If you want to explain the video, please follow my personal wechat public account: Little Paper scraps

Please give me a “like” that makes me look good! 😁 😁 😁 😁 😁

YOLOv1 is the first one stage object detection algorithm after Faster R-CNN, creating a new school of object detection algorithm. After YOLOv1, object detection is basically divided into two schools of One stage and two stages.

The graph below shows the coordinates of YOLO throughout the history of object detection algorithms.

background

It can be seen that YOLOv1 was proposed after Faster R-CNN, but by looking at the time when the first arXiv was uploaded (see the figure below), YOLOv1 and Faster R-CNN were basically proposed at the same time, so when the author of YOLO started writing, Fast R-CNN is SOTA(State of the Art), and Faster R-CNN has not been born yet. Therefore, the main object of comparison for YOLO authors is Fast R-CNN. Of course, the author subsequently added the comparison results with Faster R-CNN for reference.

The following is a simple analysis of the principle of Fast R-CNN.

Fast R-CNN is mainly composed of four parts (as shown below), the first is the shared Feature Extractor, and the second is the traditional Region Proposal algorithm.
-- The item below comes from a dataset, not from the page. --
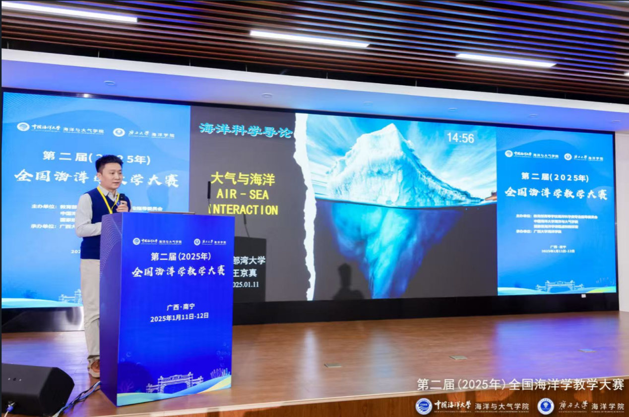 1月11日至12日,由教育部高等学校海洋科学类专业教学指导委员会、中国海洋大学海洋与大气学院和国家级海洋学课程虚拟教研室主办的第二届(2025)全国海洋学教学大赛在广西大学举行。我校海洋学院王京真教授在比赛中荣获三等奖。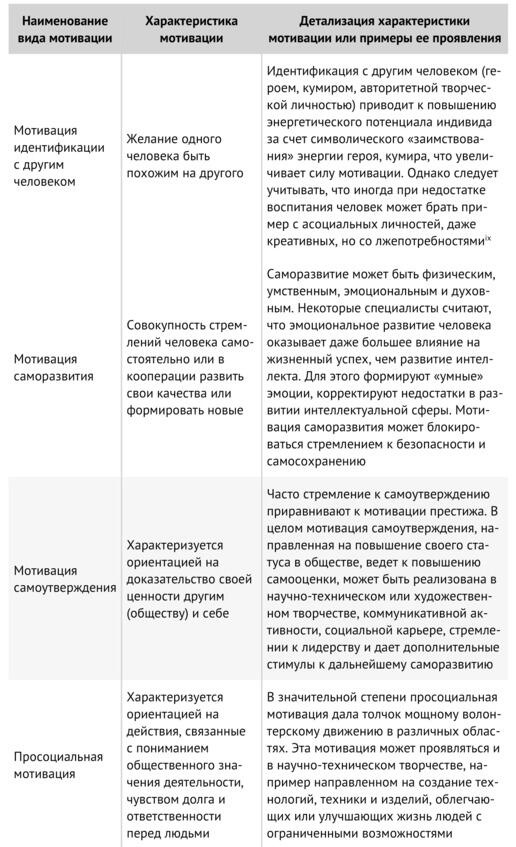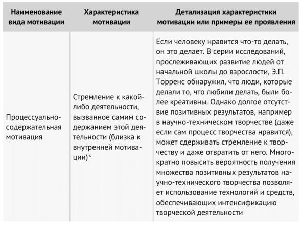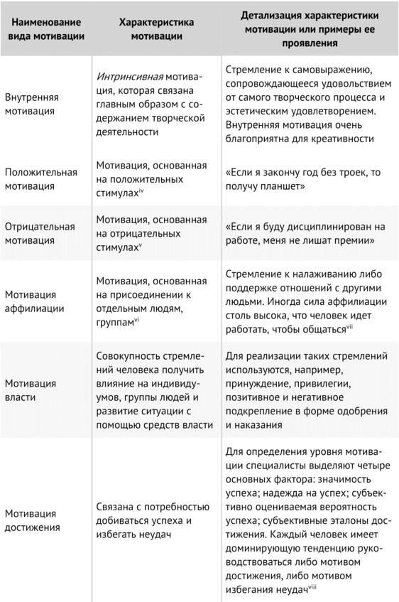 Таблица 8. Виды мотивации к творчеству (продолжение)

After shared Extracted Feature Map and Region Of Interest (ROI) are obtained, the corresponding PART Of ROI on the Extracted Feature Map is intercepted, and after ROI Pooling, The Feature Map with fixed resolution is converted into the object detection part, and the whole object detection process is completed by regression of object categories and bounding box.

Because Fast R-CNN is divided into two processes, Extract Feature and Region Proposal, it is two-stage, which leads to the high accuracy of Fast R-CNN, but the speed is not real-time.

The proposal of YOLO is to solve the shortcomings of Fast R-CNN and combine two stages into one stage, so as to achieve real-time performance.

Idea

How does YOLO synthesize two stages into one stage?

1) First, divide the input image into a 7×7 grid

It can be seen that a cell predicts two boxes, but only one prediction result can be output. Generally, the prediction box with a high confidence C value is taken as the prediction result of this cell, and the category of the box is the category with the largest P_CI. 3) Since a cell has two prediction boxes, how to calculate the Ground Truth of each prediction box? First, a Ground Truth box is allocated to the cell where its center is located. As shown below, the green Ground Truth box of the bicycle is allocated to the pink cell.

Second, within a cell, the Ground Truth will be assigned to the largest predictor of its IOU, as shown below. The two predictor boxes in the pink cell are red boxes, and the green GT box is assigned to the wide and short red predictor box.

You have the output, you have GT, you design the network structure, the input to the output mapping, and you can use gradient descent for training.

Network

Below is a simplified version of the network structure,

The diagram below shows the detailed network structure.

It can be seen that the image first extracts features through a 24-layer Feature Extractor designed by an author, and then passes through two fully connected layers to obtain the final output of 7x7x30.

Note that this 7×7 output means exactly what the author says about dividing the grid into 7×7 grids.

Loss

Loss is mainly divided into three parts: position Loss, confidence Loss and category Loss.

1) Loss of position

2) Loss of confidence

Ci predicts Pr(Object)*IOU, which comprehensively reflects the probability that the prediction box has object and the IOU size of the prediction box and truth. Therefore, the C_i label of a cell can be calculated as follows:

3) Category loss

The predicted p_CI is the conditional probability, that is, the probability of Class_i if Object is known. If GT’s category is CI, p_CI will be labeled 1 and other p_CI will be labeled 0.

Training

YOLO model training uses the following techniques: 1) Data enhancement includes random scaling, random interception, random adjustment of exposure and saturation 2) Dropout estimation is the full connection layer, using the dropout rate of 0.5 3) Optimizer adopts momentum optimizer, 4) weight decay adopted weight decay with a coefficient of 0.0005 5) Batch size 64 6) learning rate

Experiments

Error Analysis

The authors also analyze the error of YOLO and compare the error sources of Fast R-CNN and YOLO. First, the author divides the recognition results into five categories:

  1. Correct classification: correct category, IOU>0.5
  2. Position error: category correct, 0.1
  3. Approximate error: Category identified as approximate category, IOU>0.1
  4. Other errors: Category error, IOU>0.1
  5. Background error: IOU<0.1

The error composition of Fast R-CNN and YOLO is shown as follows:

It can be seen that Fast R-CNN is dominated by background errors, while YOLO is dominated by position errors.

conclusion

YOLO pioneered the one-step algorithm to achieve real-time detection and high accuracy.